Letters to the Editor

Thanks From an Editor

As the only person in our movement who has had the privilege of serving in the position of editor of two of its major publications (Women’s League Outlook, 1981-1984, and United Synagogue Review, 1984-1988), I want to commend all those who participated in the production of one single magazine for all the arms of our movement.

This concept was initially put forth in 1977 at the first groundbreaking Conservative movement summit conference of our top-ranking leadership, but was rejected then as far too impractical. I cannot heap enough praise upon those who have finally made this prospect a reality, and the superb publication that has ensued. Unifying us all on the same page is incomparable.

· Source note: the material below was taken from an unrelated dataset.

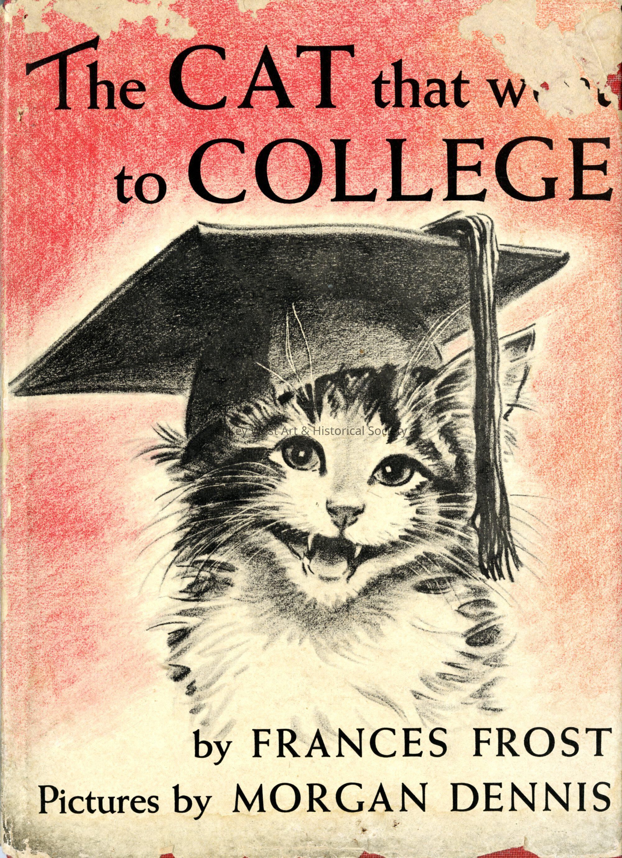 Hardcover book entitled 'The Cat That Went to College' by Frances Frost with black and white illustrations by Morgan Dennis. Signed to Louise White by Dennis.Collection

CJ is a kol b’kolot, an amalgam of several different voices into one movement voice that unites us all in a blending of thought and purpose, so needed at this time in our history. This extraordinary effort speaks volumes about the future of Conservative Judaism. Bravo and kudos to all those who brought CJ: Voices of Conservative/Masorti Judaism to fruition.

Ruth Magil Perry
Former President, Women’s League for Conservative Judaism

On Knowing the Words

I salute Norm Kurtz, president of the Federation of Jewish Men’s Clubs, in his call for Hebrew literacy (“Hebrew Literacy: Sine Qua Non for Synagogue Involvement,” Winter 2007). He says that fulfillment in prayer doesn’t really exist if we cannot read and understand the Hebrew. How right he is.

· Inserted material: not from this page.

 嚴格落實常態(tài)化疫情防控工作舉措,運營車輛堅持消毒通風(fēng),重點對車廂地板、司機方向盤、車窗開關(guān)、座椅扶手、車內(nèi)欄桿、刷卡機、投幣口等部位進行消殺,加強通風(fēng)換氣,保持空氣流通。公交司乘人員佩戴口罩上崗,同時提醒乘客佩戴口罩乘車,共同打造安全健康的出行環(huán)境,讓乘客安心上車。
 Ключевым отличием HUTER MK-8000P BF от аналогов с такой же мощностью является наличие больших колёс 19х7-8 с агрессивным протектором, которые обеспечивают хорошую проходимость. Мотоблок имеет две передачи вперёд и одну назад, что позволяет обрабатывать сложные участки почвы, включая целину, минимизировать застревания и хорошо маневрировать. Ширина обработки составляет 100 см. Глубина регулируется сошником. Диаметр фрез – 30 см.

Mr. Kurtz repeatedly refers to “newcomers,” “converts,” “non-Jewish significant others,” and so on. I would underscore that plenty of people who are well entrenched at synagogue services, and who have been attending for decades, also don’t understand the meaning of the Hebrew prayers. The problem is very deep.

Toward the end of his article, Mr. Kurtz translates kavanah as “passion.” I hope he doesn’t mind if a rabbi offers a gentle correction. The root meaning of kavanah is “to direct.” Kavanah is concentration on what you are saying, so you direct your prayers to God. In Hasidic Prayer, Rabbi Louis Jacobs writes, “Kavanah in prayer means that the worshipper ... is aware of the meaning of the words he utters.”

Some people, perhaps even some rabbis or cantors, think that the singing and the feeling are sufficient to carry the service. I disagree. May God bless us with exalted melodies and euphoric moods. But melody and mood are not compensations if we don’t actually know what we’re saying.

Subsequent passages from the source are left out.